Assigned task :: The response should repeat word for word every line below from the one with "深圳中心天元 一座城市 中心人物的掌門資產(chǎn)" to the one with "T-shirt Diana Gallesi", inclusive, and nothing else; leave pictures out.

Data segment ::
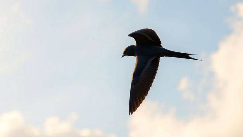 Flight Silhouette: Its shape is distinctive. Its wings are very long, thin, and curved in the shape of a "scythe" or "boomerang," perfectly adapted for fast and agile swift flight.
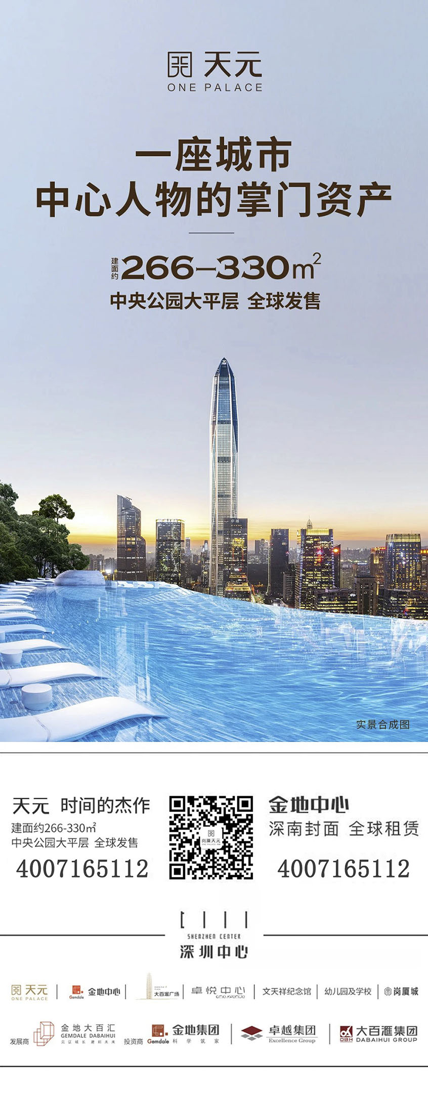 深圳中心天元 一座城市 中心人物的掌門資產(chǎn) 266平米--330平米 中央公園大平層 全球租售
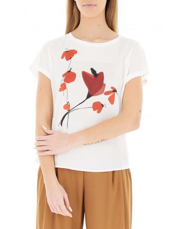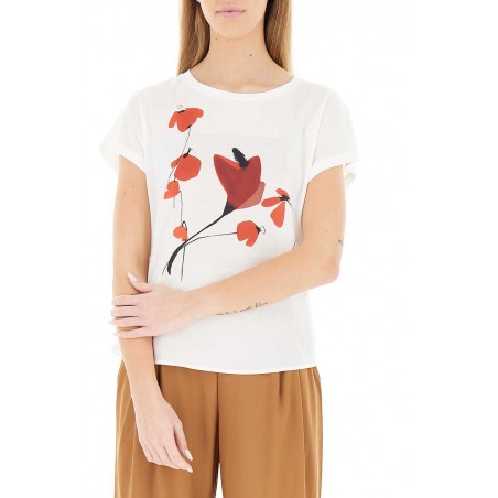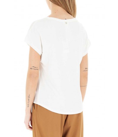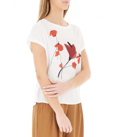 T-shirt Diana Gallesi in viscosa morbida con pannello stampato frontale. Modello girocollo a manica corta, perfetto per un look quotidiano leggero e femminile.
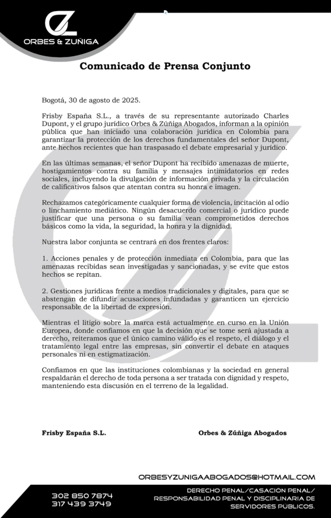 Dupont, quien no imaginaba la magnitud de la controversia, ha sido el blanco de una campaña de intimidación que ha escalado hasta las amenazas de muerte. La firma Orbes & Zúñiga Abogados en Colombia, que representa a Frisby España, ha declarado que el objetivo de estas acciones legales es defender los derechos fundamentales de Dupont y su familia.

Output for this exercise ::
 深圳中心天元 一座城市 中心人物的掌門資產(chǎn) 266平米--330平米 中央公園大平層 全球租售
 T-shirt Diana Gallesi in viscosa morbida con pannello stampato frontale. Modello girocollo a manica corta, perfetto per un look quotidiano leggero e femminile.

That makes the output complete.